Dataset content –
=======

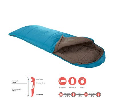 Grand Canyon Utah 205 -3°C Caneel Bay Left це трьохсезонний спальний мішок, в першу чергу призначений для високих користувачів і для туристів, що віддають перевагу більш просторим спальним мішкам, які забезпечують належну свободу рухів під час сну. Його можна використовувати при температурі до -3°C, а екстремальна температура використання -20°C. Більш того, маючи прямокутну форму і блискавку по периметру, дана модель в розстібнутому вигляді дозволить зігрітися 2-3 людям, які використовують його в якості широкої ковдри.
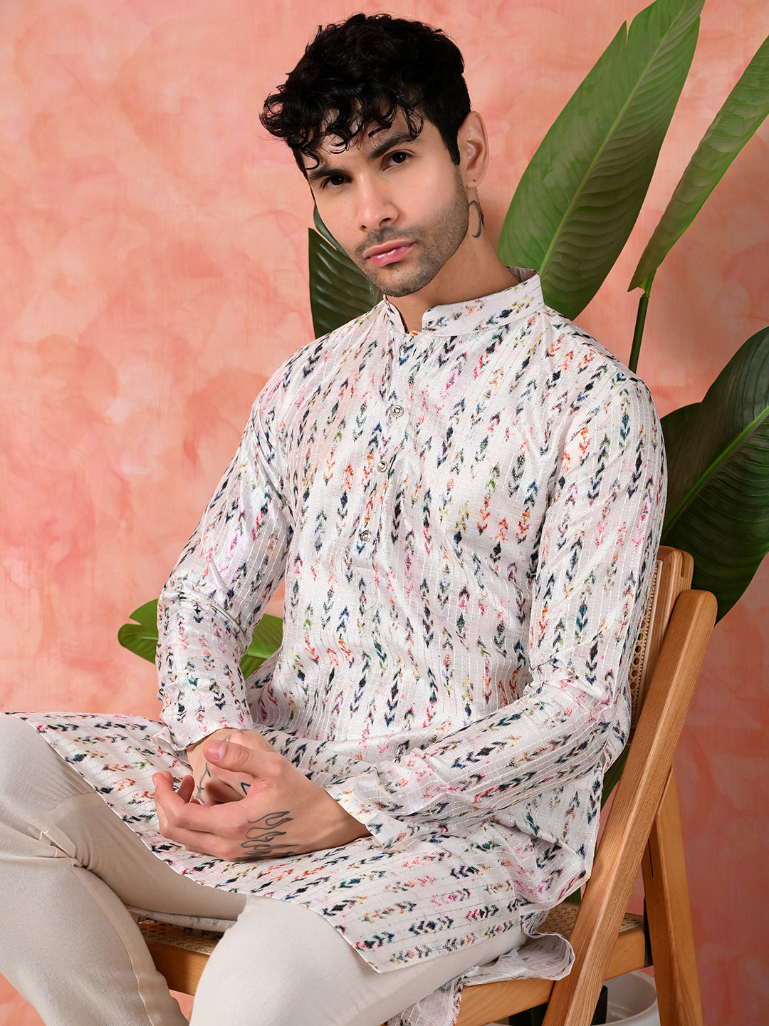 Make a bold statement with this uniquely elegant multicolor abstract Ikat print kurta, designed for the modern man who values tradition with a touch of artistry. Crafted from a subtly textured fabric with metallic accents, this kurta features a premium look and feel, perfect for any festive or celebratory occasion.
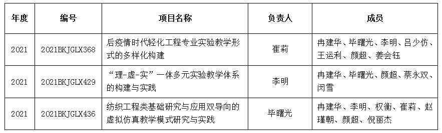 根据《关于组织申报“纺织之光”中国纺织工业联合会高等教育教学改革项目的通知》要求,经学院推荐,学校组织专家评审,化工学院获3项中国纺织工业联合会教学研究项目。

=======

What the exercise asks – Print the listing exactly, pictures excluded.

Answer section –
 Grand Canyon Utah 205 -3°C Caneel Bay Left це трьохсезонний спальний мішок, в першу чергу призначений для високих користувачів і для туристів, що віддають перевагу більш просторим спальним мішкам, які забезпечують належну свободу рухів під час сну. Його можна використовувати при температурі до -3°C, а екстремальна температура використання -20°C. Більш того, маючи прямокутну форму і блискавку по периметру, дана модель в розстібнутому вигляді дозволить зігрітися 2-3 людям, які використовують його в якості широкої ковдри.
 Make a bold statement with this uniquely elegant multicolor abstract Ikat print kurta, designed for the modern man who values tradition with a touch of artistry. Crafted from a subtly textured fabric with metallic accents, this kurta features a premium look and feel, perfect for any festive or celebratory occasion.
 根据《关于组织申报“纺织之光”中国纺织工业联合会高等教育教学改革项目的通知》要求,经学院推荐,学校组织专家评审,化工学院获3项中国纺织工业联合会教学研究项目。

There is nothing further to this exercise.